→ **What is needed**
In this exercise, write out the data word for word and leave every image out.

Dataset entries
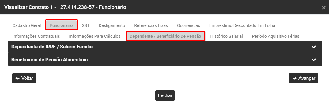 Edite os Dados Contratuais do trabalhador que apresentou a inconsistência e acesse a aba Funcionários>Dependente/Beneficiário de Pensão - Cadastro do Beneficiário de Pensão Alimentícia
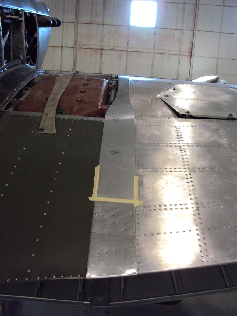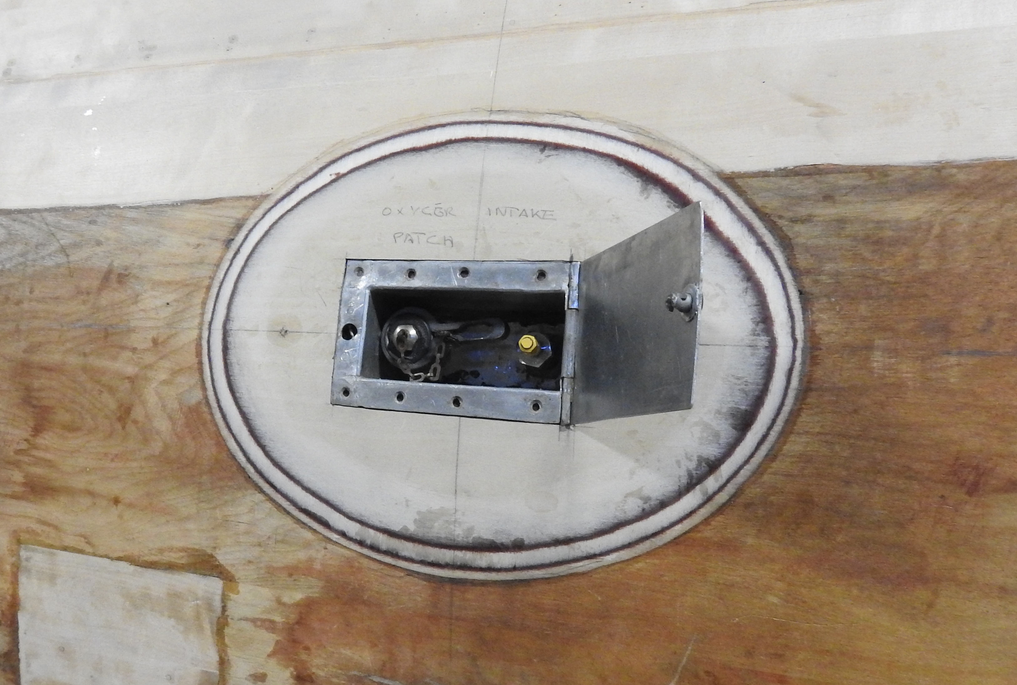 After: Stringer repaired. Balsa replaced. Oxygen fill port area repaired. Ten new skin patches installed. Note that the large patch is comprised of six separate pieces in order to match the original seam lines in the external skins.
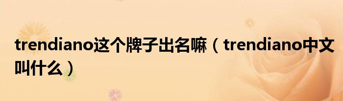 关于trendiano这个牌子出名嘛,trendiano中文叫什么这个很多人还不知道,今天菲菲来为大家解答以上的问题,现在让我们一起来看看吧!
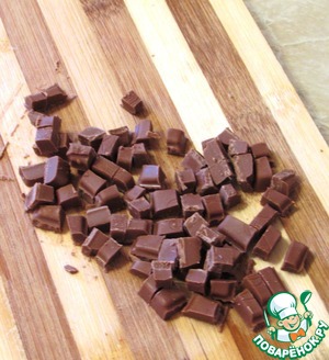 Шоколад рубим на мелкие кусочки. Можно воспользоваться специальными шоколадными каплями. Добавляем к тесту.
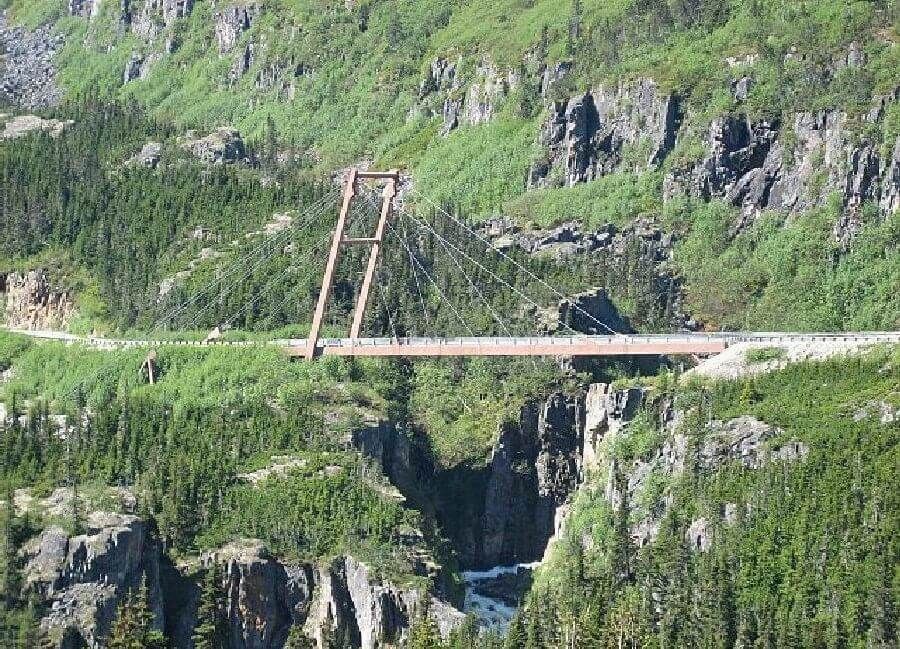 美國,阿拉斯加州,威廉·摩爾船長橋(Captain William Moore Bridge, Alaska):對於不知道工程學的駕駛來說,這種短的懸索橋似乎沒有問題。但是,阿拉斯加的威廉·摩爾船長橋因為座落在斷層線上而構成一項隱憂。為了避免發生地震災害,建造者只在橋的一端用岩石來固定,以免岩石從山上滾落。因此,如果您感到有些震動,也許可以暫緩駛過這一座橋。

→ **Completed exercise**
 Edite os Dados Contratuais do trabalhador que apresentou a inconsistência e acesse a aba Funcionários>Dependente/Beneficiário de Pensão - Cadastro do Beneficiário de Pensão Alimentícia
 After: Stringer repaired. Balsa replaced. Oxygen fill port area repaired. Ten new skin patches installed. Note that the large patch is comprised of six separate pieces in order to match the original seam lines in the external skins.
 关于trendiano这个牌子出名嘛,trendiano中文叫什么这个很多人还不知道,今天菲菲来为大家解答以上的问题,现在让我们一起来看看吧!
 Шоколад рубим на мелкие кусочки. Можно воспользоваться специальными шоколадными каплями. Добавляем к тесту.
 美國,阿拉斯加州,威廉·摩爾船長橋(Captain William Moore Bridge, Alaska):對於不知道工程學的駕駛來說,這種短的懸索橋似乎沒有問題。但是,阿拉斯加的威廉·摩爾船長橋因為座落在斷層線上而構成一項隱憂。為了避免發生地震災害,建造者只在橋的一端用岩石來固定,以免岩石從山上滾落。因此,如果您感到有些震動,也許可以暫緩駛過這一座橋。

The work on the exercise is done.